Glucosamine and Chondroitin for Joint Pain?
One of the questions we often get asked in the Osteopathy Clinic is just how effective are chondroitin and glucosamine for the symptomatic relief of osteoarthritis? So, I think it’s timely that we have a quick look at some of the evidence to see what current opinion suggests.
After all, in 2014 the world bought over 29,000 tons of it. If you are already taking it as a supplement, and you feel it helps you, my advice is carry on and this short article is not aimed at persuading you otherwise.
Glucosamine For Joints
Glucosamine especially is a hot topic because of all the supplements on the shelves in health stores the most popular (by a long way!) are those which apparently help our joints.
This is even though sometimes their use is controversial and not even necessarily well supported by research.
What Does Glucosamine Do?
The first question is, what is the role in of glucosamine in the human body? It is well known that glucosamine in the human body is a fundamental building block for both cartilage and tendons.
Specifically, it is a natural constituent of some glycosaminoglycans (e.g. hyaluronic acid and keratin sulphate) found in articular cartilage, intervertebral discs and synovial fluid.
How is Glucosamine Made?
Glucosamine, as a supplement, is harvested from various sources.
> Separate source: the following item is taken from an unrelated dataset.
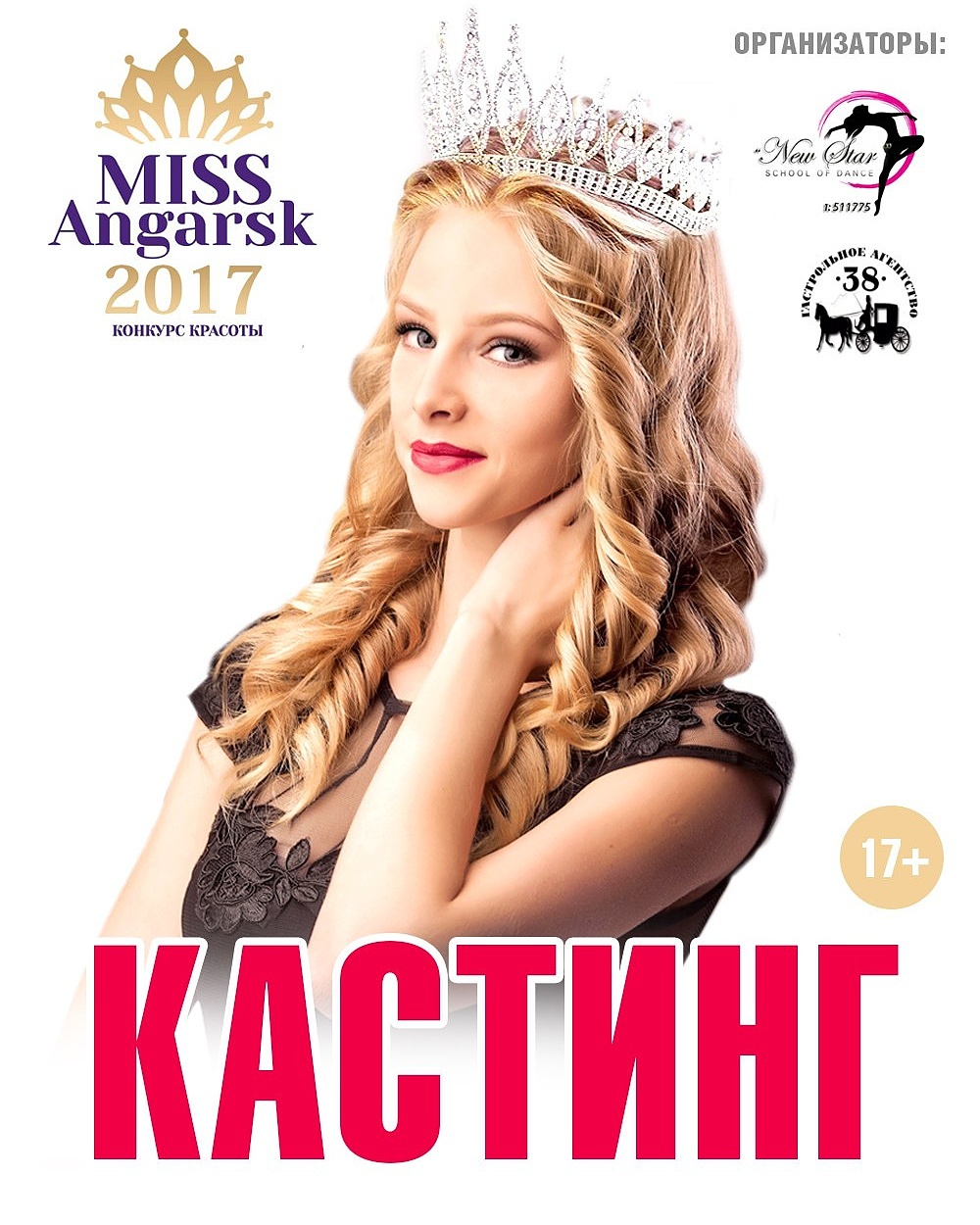 Студия танца «New Star» и Гастрольное агентство «38» представляют! Второй ежегодный потрясающий конкурс красоты "Мисс Ангарск 2017". В прошлом году конкурс собрал восторженные отзывы, и организаторы уверены, что в этом году будет еще круче! На кастинг приглашаются ангарчанки от 17 до 24 лет.

It also happens to be one of the building blocks of chitin – the material that makes up the shells of crustaceans and shellfish – they are therefore (unfortunately for them) a convenient source for industry. (vegetarian options come from mushrooms or processed grains).
It can also be made in the laboratory. However, in this case, it can come in several chemical forms, but the one most used in arthritis is glucosamine sulphate. So, what of the clinical evidence once manufactured?
The premise is of course that if you take it as a supplement it helps reconstruct target structures and I certainly feel that this simple fact alone obviously resonates with people. But is this what happens in reality?
Studies have shown that glucosamine is easily absorbed, but the current recommended treatment doses (e.g. 1,500 mg/day) barely reach the required therapeutic concentration in plasma and tissue. The symptomatic effect of glucosamine also appears to vary greatly depending on the formulation used and the quality of clinical trials.
The controversy is such that it is not recommended in the most recent National Institute for Health and Care Excellence (NICE) guidelines in 2014. NICE also suggest that much of the evidence surrounding glucosamine is industry sponsored. Commercially funded trials of products are a well-known issue in medicine, and in the case of glucosamine studies it seems that those that are commercially funded turn out to be more likely to show a positive result than those done independently.
Other independent evidence is certainly at best very mixed. Successive studies year on year appear to contradict each other with most authors now agreeing that the case for its efficacy is unproven.
One of the gold standard reviews is a Cochrane review. Cochrane is a global independent network of researchers, professionals, patients, carers and people interested in health. A Cochrane review in 2005, updated in 2007, suggested that whilst glucosamine appeared superior to placebo for treatment of pain and functional impairment from symptomatic osteoarthritis in around 2,500 patients, the benefit at three months was less than that measured at six weeks.
A 2009 systematic review looked at five systematic reviews and one clinical guideline. It concluded that there was evidence for clinical impact but that more research was needed and that as none of the trial data came from the UK, caution should be exercised in applying it here.
A 2012 review concluded that evidence was at best mixed and that any symptomatic effect observed varied greatly with the preparation used and the quality of the trial.
A 2013 study used an Australian formulation of Chondroitin sulphate (800 mg) along with glucosamine (1,500 mg). The combination didn’t relieve pain better than placebo, but it reduced joint space narrowing.